Abc* Abc_new(int length)
{
Abc* a = (Abc*)malloc(sizeof(Abc));
a->a = (double*)malloc(length * sizeof(double));
a->len = length;
return a;
}
extern "C"
void Abc_destruct(Abc* a)
{
free(a->a);
free(a);
}
--------------------------------------------------------------------------------------
compile with `c++ -fpic -shared -o libtest.so test.cpp`
--------------------------------------------------------------------------------------
seg.lua:
local blah = nil
local ffi = require('ffi')
ffi.cdef[[
typedef struct
{
int len;
double* a;
} Abc;
Abc* Abc_new(int length);
void Abc_destruct(Abc* a);
]]
local test = ffi.load('./libtest.so')
local cells = ffi.gc(test.Abc_new(100), test.Abc_destruct)
blah:this_will_segfault()
-------------------------------------------------------------------------------------
If I call blah:this_will_segfault() before the ffi.gc call, it gives me the
traceback that I'd expect, but putting it there gives a segfault.

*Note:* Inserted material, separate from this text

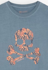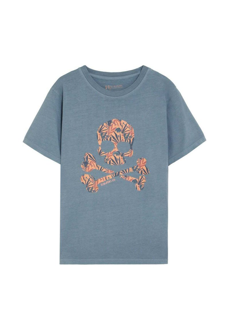 Niebieski T-shirt z krótkim rękawem z grafiką czaszki i piszczeli w pomarańczowo-ciemnoniebieski wzór kwiatowy na przodzie.

Valgrind
seems to link this segfault to lua_gc:
==22498== Memcheck, a memory error detector
==22498== Copyright (C) 2002-2015, and GNU GPL'd, by Julian Seward et al.
==22498== Using Valgrind-3.11.0 and LibVEX; rerun with -h for copyright info
==22498== Command: luajit seg.lua
==22498==
==22498== Jump to the invalid address stated on the next line
==22498== at 0x5D26754: ???
==22498== by 0x43BE45: ??? (in /usr/bin/luajit-2.0.4)
==22498== by 0x43C51F: ??? (in /usr/bin/luajit-2.0.4)
==22498== by 0x454585: ??? (in /usr/bin/luajit-2.0.4)
==22498== by 0x40E779: ??? (in /usr/bin/luajit-2.0.4)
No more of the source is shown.